A couple of days ago I found a bee at Great Chalfield that I couldn’t identify. Dark-winged, with a dark abdomen with narrow silver/white bands it was nectaring on Cow Parsley. To be totally honest I had no idea what it was, so I took as many photographs as I could before it moved on. After looking at images on the excellent Bee, Wasp, and Ant Recording Society (BWARS) website I was none the wiser though. The UK has some 300 bee species, and many of them are very similar indeed. My bee looked like any number of other bee species and I wasn’t really sure what I should be looking for to separate them anyway…


Oh well, when in doubt, ask an expert – and the BWARS site not only has a wealth of great information it has a very active forum watched over by some very knowledgeable (and extremely helpful) entomologists indeed.
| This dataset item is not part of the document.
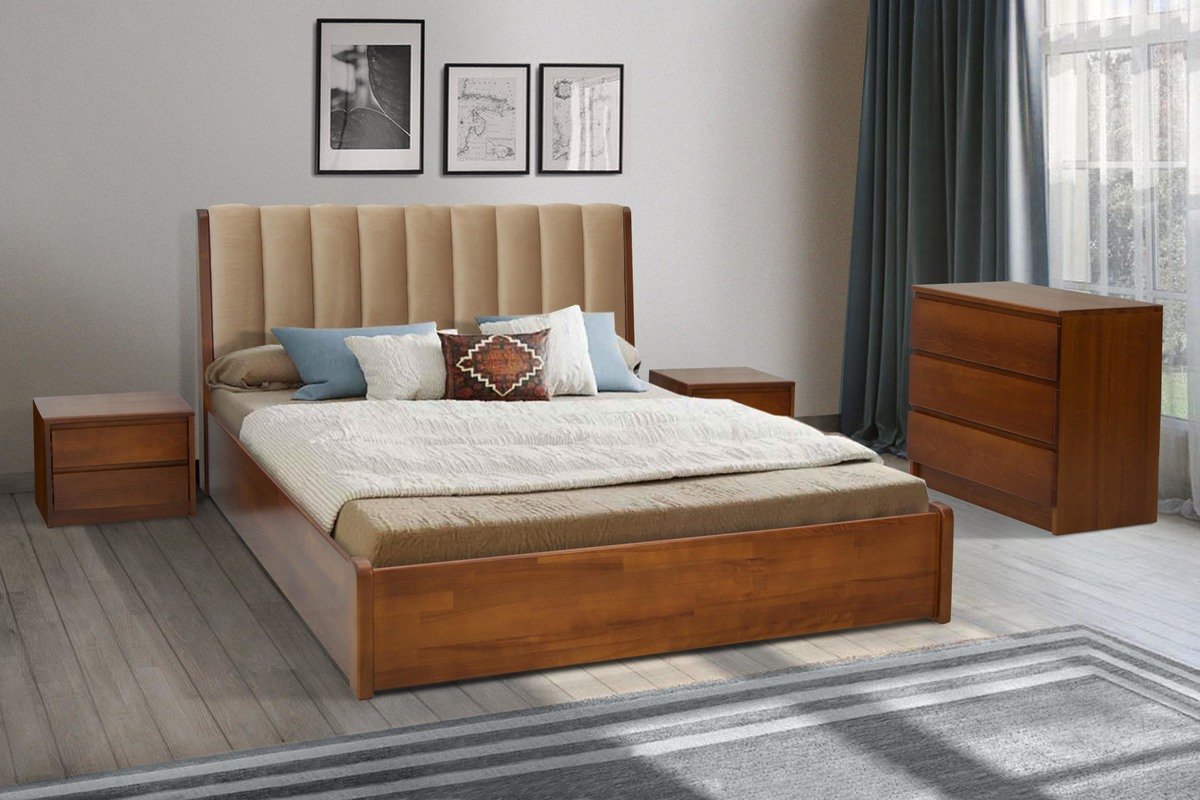 Розмір: Доступні розміри під матрац: 1200*2000; 1400*2000; 1600*2000; 1800*2000.Колір: Горіх, Горіх темний, Білий.атеріал: буковий щит.Матеріал оббивки в складській програмі:1. Тканина велюр Beatrice 03 (Apparel). 2. Тканина велюр Beatrice 07 (Apparel). Висота узголів’я: 1000 мм; Висота узніжжя: 330 мм. Відстань між ламелями: 55 мм. Товщина поролону в узголів’ї: 50 мм.Габаритні розміри:до ширини +70 мм; до довжини +160 мм.Глибина посадки матраца – 70 мм.

A request for ID help quickly elicited a response from both Jeroen de Rond and Janet Pick. I’d uploaded the images below to a folder on BWARS which they’d looked at. Opinion though was divided between Andrena chrysoceles and Helictus rubicundus – two species I knew nothing about, but which appeared remarkably similar from online images when I checked.
The conversation went back and forth until Jeroen asked whether I had any photographs which showed the wings. There is, he said, a distinctive bend in one of the veins (the Median or Basal vein) in Helictus bees that is lacking in Andrena. Two images he sent showed the difference very well: one vein was strongly bent before joining the vein below it, the other (the andrena) showed more of a smooth curve.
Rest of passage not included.